TASK PROMPT: What follows is a listing to transcribe exactly, leaving the pictures out.

INFORMATION SUPPLIED:
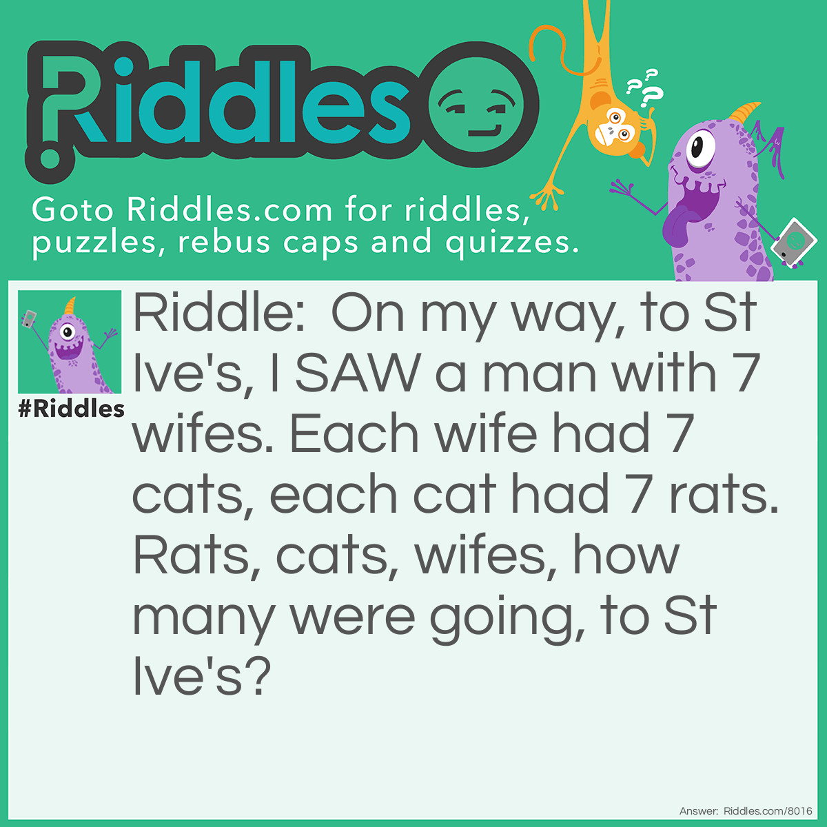Riddle: On my way, to St Ive's, I SAW a man with 7 wifes. Each wife had 7 cats, each cat had 7 rats. Rats, cats, wifes, how many were going, to St Ive's?
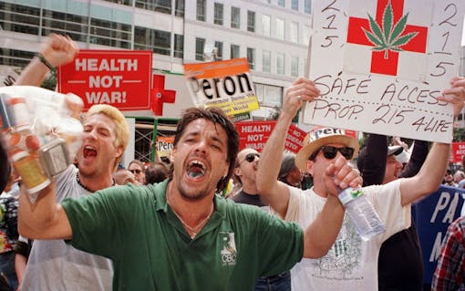 Babaji Zeiger, center, holds a bag in his right hand contaning his prescription medicine he takes for AIDS at a rally opposing a federal lawsuit which seeks to close clubs that distribute marijuana for medical use in front of the Federal Building in San Francisco, Tuesday, March 24, 1998. Zeiger said he smokes marijuana to help him cope with pain and nasuea from AIDS. (AP Photo/Thor Swift)
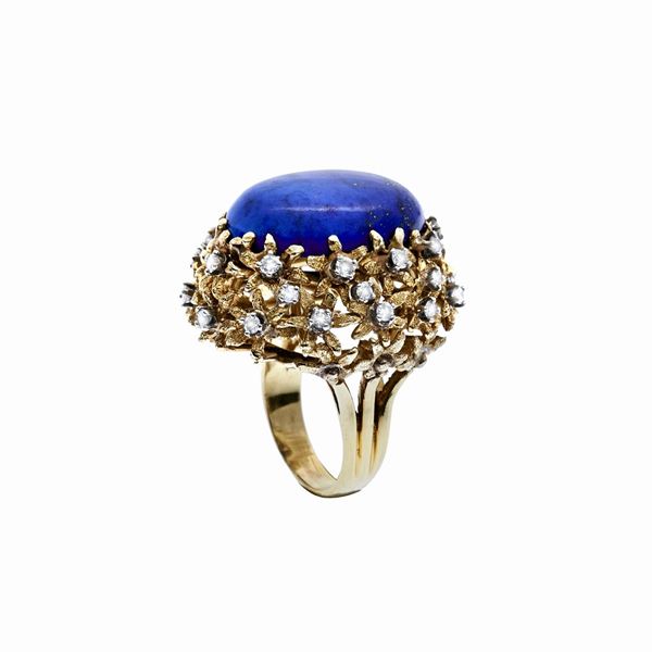 MATERIAL: yellow gold, lapislazuli and diamonds DESCRIPTION: big ring centered by oval cabochon-cut lapislazuli resting on high base made of small flowers illuminated by brilliant-cut diamonds SIZE: 14 WEIGHT: diamonds ct 0.70, 27.7 g

OUTPUT BELOW:
Riddle: On my way, to St Ive's, I SAW a man with 7 wifes. Each wife had 7 cats, each cat had 7 rats. Rats, cats, wifes, how many were going, to St Ive's?
 Babaji Zeiger, center, holds a bag in his right hand contaning his prescription medicine he takes for AIDS at a rally opposing a federal lawsuit which seeks to close clubs that distribute marijuana for medical use in front of the Federal Building in San Francisco, Tuesday, March 24, 1998. Zeiger said he smokes marijuana to help him cope with pain and nasuea from AIDS. (AP Photo/Thor Swift)
 MATERIAL: yellow gold, lapislazuli and diamonds DESCRIPTION: big ring centered by oval cabochon-cut lapislazuli resting on high base made of small flowers illuminated by brilliant-cut diamonds SIZE: 14 WEIGHT: diamonds ct 0.70, 27.7 g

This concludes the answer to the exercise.